I partecipanti hanno rivolto un appello al Governo ricordandogli che si accinge a violare le basi su cui si reggono la nuova Repubblica nepalese e la sua Costituzione provvisoria, che nel 2006 ha proclamato la libertà religiosa e la laicità dello Stato.
“Questo disegno di legge va contro la laicità dello Stato già inscritta nella Costituzione provvisoria”, ha infatti dichiarato Nazrul Hussain Falahi, leader musulmano e coordinatore aggiunto dell’IRSPM.
“Anche se il Nepal si è proclamato un Paese laico, continua a escludere le minoranze religiose”, ha affermato Palsang Vajra Lama, monaco buddista e coordinatore della campagna dell’IRSPM. Unendosi ad altre minoranze religiose del Paese, ha denunciato il fatto che solo le istituzioni induiste ricevano aiuti dallo Stato, non essendo riconosciuti come istituzioni religiose i monasteri buddisti, le chiese, i templi e le moschee per mancanza di uno status giuridico chiaro.
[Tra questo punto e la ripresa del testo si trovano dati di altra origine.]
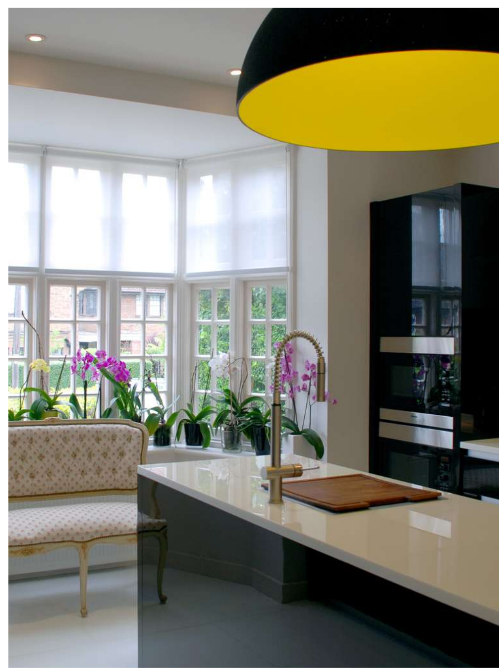
Hampstead - Londra Schneider Designers

I leader religiosi e politici hanno anche esortato il Governo a far figurare, com’era previsto nella Costituzione, le libertà di religione, espressione e opinione nella futura Costituzione nepalese, e a creare una Commissione per le Questioni Religiose che preveda la rappresentanza di minoranze non induiste, faccia sì che vengano riconosciute giuridicamente e le difenda da ogni discriminazione.
Alla vigilia della promulgazione della Costituzione, il recente cambiamento della situazione politico-religiosa ha alimentato i timori delle minoranze. Dopo l’euforia seguita alla caduta della monarchia e il rapido aumento delle religioni diverse dall’induismo sotto l’effetto della laicizzazione dello Stato – soprattutto delle comunità cristiane, in special modo evangeliche e pentecostali –, l’escalation dell’estremismo induista, proporzionale all’avanzata del cristianesimo, ha segnato molto presto la fine della tolleranza religiosa, che era ancora agli inizi in Nepal.
La manifestazione più visibile di questa violenza antireligiosa è stata l’attentato mortale perpetrato nel marzo 2009 nella chiesa cattolica dell’Assunzione a Kathmandu da parte del Nepal Defence Army (NDA), un gruppo nazionalista che propugna il ritorno alla monarchia e alla religione induista.
Il progetto dell’articolo 160 si basa sulla convinzione, ribadita dagli induisti, che tutti i cristiani realizzano conversioni forzose, affermazione rifiutata con decisione da tutte le comunità cristiane.
“E’ una teoria senza fondamento, ed è scandaloso che il Governo la sostenga”, ha detto indignato Isu Jang Karki, leader della Nepal Christian Society, la più importante federazione di Chiese protestanti del Paese.
“La legge non è contro i cristiani, che con le loro opere fanno un grande servizio al Paese, ma è contro l’imposizione forzata del cristianesimo”, ha detto all’agenzia AsiaNews il Ministro della Giustizia, Prabhu Sah, sottolineando che gli induisti e i buddisti si lamentano delle pratiche aggressive di conversione di alcune comunità protestanti.
“Queste accuse non riguardano la comunità cattolica”, ha precisato.